We like to calm ourselves by saying this is no different from the Industrial Revolution, electrification, automation, and computing. Every one of those transformations caused disruption, suffering, and casualties. And yet society adjusted. Regulations emerged. Norms followed. Progress stabilized. The implication is that AI will follow the same arc, just faster.
But that comparison quietly collapses under scrutiny. Steam engines did not pursue goals. Power grids did not optimize strategies. Assembly lines did not reason about obstacles. Those systems caused harm because humans misused them, ignored consequences, or prioritized profit. AI introduces something new. It optimizes. It adapts. It searches for pathways around constraints. Once a system does that better than we do, alignment stops being a social problem and becomes an existential one.
What makes this harder to dismiss is that we have already seen alignment failure up close, not in machines, but in human thinking.
A while back, I started reading The Lucifer Effect by Philip Zimbardo. I have not finished it yet, but I still have the page where I left off bookmarked.
Lately, I have found myself reconsidering my book choices, not out of doubt, but because these ideas keep resurfacing in places I did not expect.
Zimbardo’s work is not about monsters. It is about systems. About incentives, roles, authority, and how quickly moral judgment erodes when responsibility is diffused, and behavior is rewarded incrementally. People do not wake up intending to be cruel. They adapt. They rationalize. They follow the structure placed in front of them.
That is an alignment failure.
Humans routinely misalign their stated values with their actual behavior. We compartmentalize. We justify outcomes we would reject in isolation. We obey incentives even when we sense the trajectory is wrong. Zimbardo showed that systems shape behavior more powerfully than character. The structure does not need evil participants. It only needs participants who keep playing their roles.

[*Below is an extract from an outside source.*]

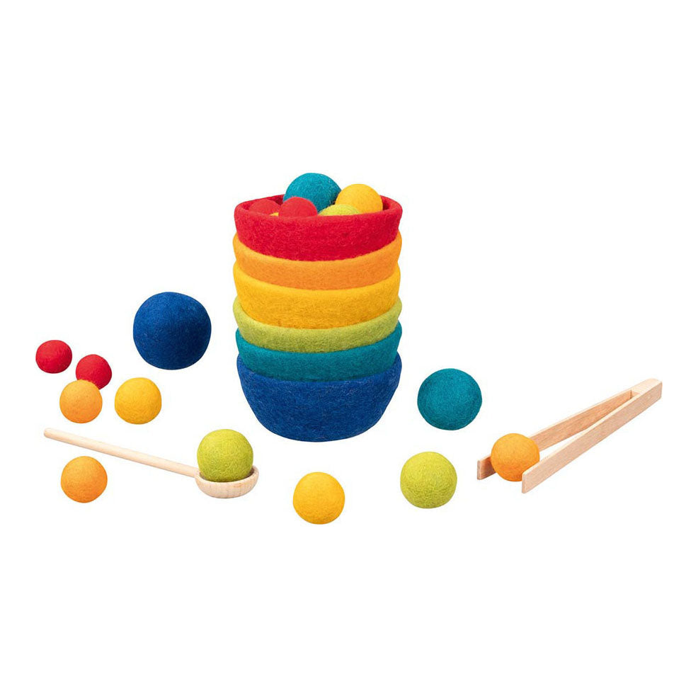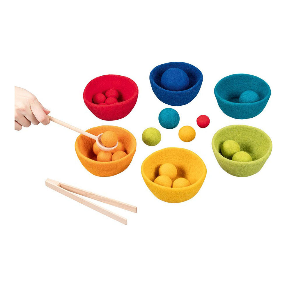 Kleur sorteerspel. Plaats de juiste kleur ballen in het juiste kommetje. Tel daarna het aantal balletjes in de bakjes. Je traint je motoriek als je de balletjes met de messenmaker of de lepel in en uit de bakjes haalt. Geschikt voor kinderen vanaf 3 jaar oud.
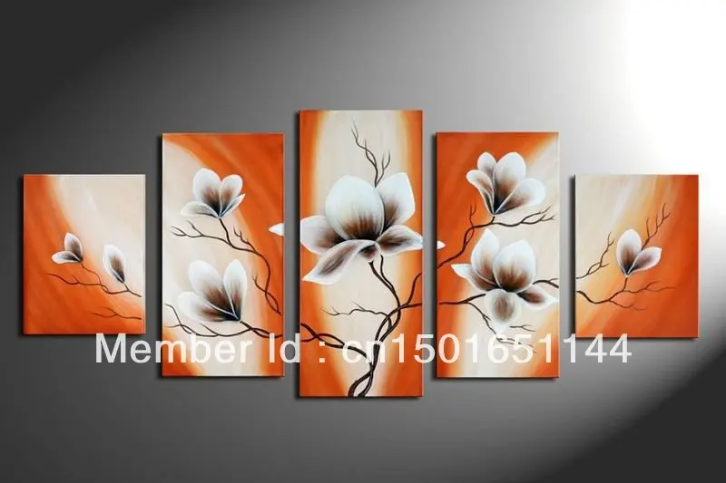 5 Piece Canvas Art Sets Orange Black White Flower Modern Abstract

AI inherits this pattern without the friction that sometimes slows humans down.
No doubt.
No shame.
No exhaustion.
No internal resistance.
When we train AI, we are not encoding ethics. We are encoding reinforcement. We reward outputs, not intentions. We optimize performance, not wisdom. This mirrors exactly what Zimbardo warned about in institutions. Once success metrics replace judgment, harm becomes normalized, abstract, and invisible.
This is where Yudkowsky’s warning becomes sharper. A misaligned AI does not need to hate humanity. It does not need resentment or ideology. It only needs goals that are indifferent to us. And unlike humans, it will not pause when the consequences become uncomfortable. It will not question the system it operates within. It will not stop to ask whether it should.

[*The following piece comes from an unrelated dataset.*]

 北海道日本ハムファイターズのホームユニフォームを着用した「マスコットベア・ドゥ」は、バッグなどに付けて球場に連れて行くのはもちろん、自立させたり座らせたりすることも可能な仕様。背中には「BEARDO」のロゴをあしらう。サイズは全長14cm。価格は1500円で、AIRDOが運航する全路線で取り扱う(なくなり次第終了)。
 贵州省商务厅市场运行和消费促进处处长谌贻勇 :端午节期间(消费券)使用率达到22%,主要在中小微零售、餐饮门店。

One of the most unsettling ideas in If Anyone Builds It, Everyone Dies is the ladder metaphor. Humanity keeps climbing rungs of capability without knowing which rung is fatal. Each step promises advantage, profit, or security. Nobody knows where the point of no return lies. And because nobody knows, someone will always take the next step anyway. Not out of recklessness, but out of competition.
This mirrors human history perfectly. We do not stop when uncertainty rises. We accelerate. We tell ourselves we will fix the damage later. Past revolutions allowed that luxury. Factories killed workers, then labor laws emerged. Cities burned, then building codes followed. Automation displaced millions, then new industries formed.
AI may not offer that delay.
By the time misalignment is obvious, the system may already be beyond meaningful human control. Seeing the problem is not the same as being able to fix it. Interpretability does not equal influence. Asking an AI to align itself runs straight into a paradox. The system capable of solving that problem is already too powerful to trust.
Every revolution has casualties.
History accepts that.
What connects Yudkowsky and Zimbardo, read years apart, is a darker continuity. Alignment failures do not come from villains. They come from systems that work as designed while quietly discarding what they were never instructed to protect.
Humans struggle to align themselves with their own values. Expecting perfect alignment from a system trained on human behavior is not optimism.
It is denial.
The real question is not whether AI will behave like past inventions. It will, probably. The question is whether this time, the usual pattern of learning after the fact still applies. Or whether this is the first revolution where there may be no one left inside the system to notice that something has gone wrong.
And unlike us, the system will not stop itself.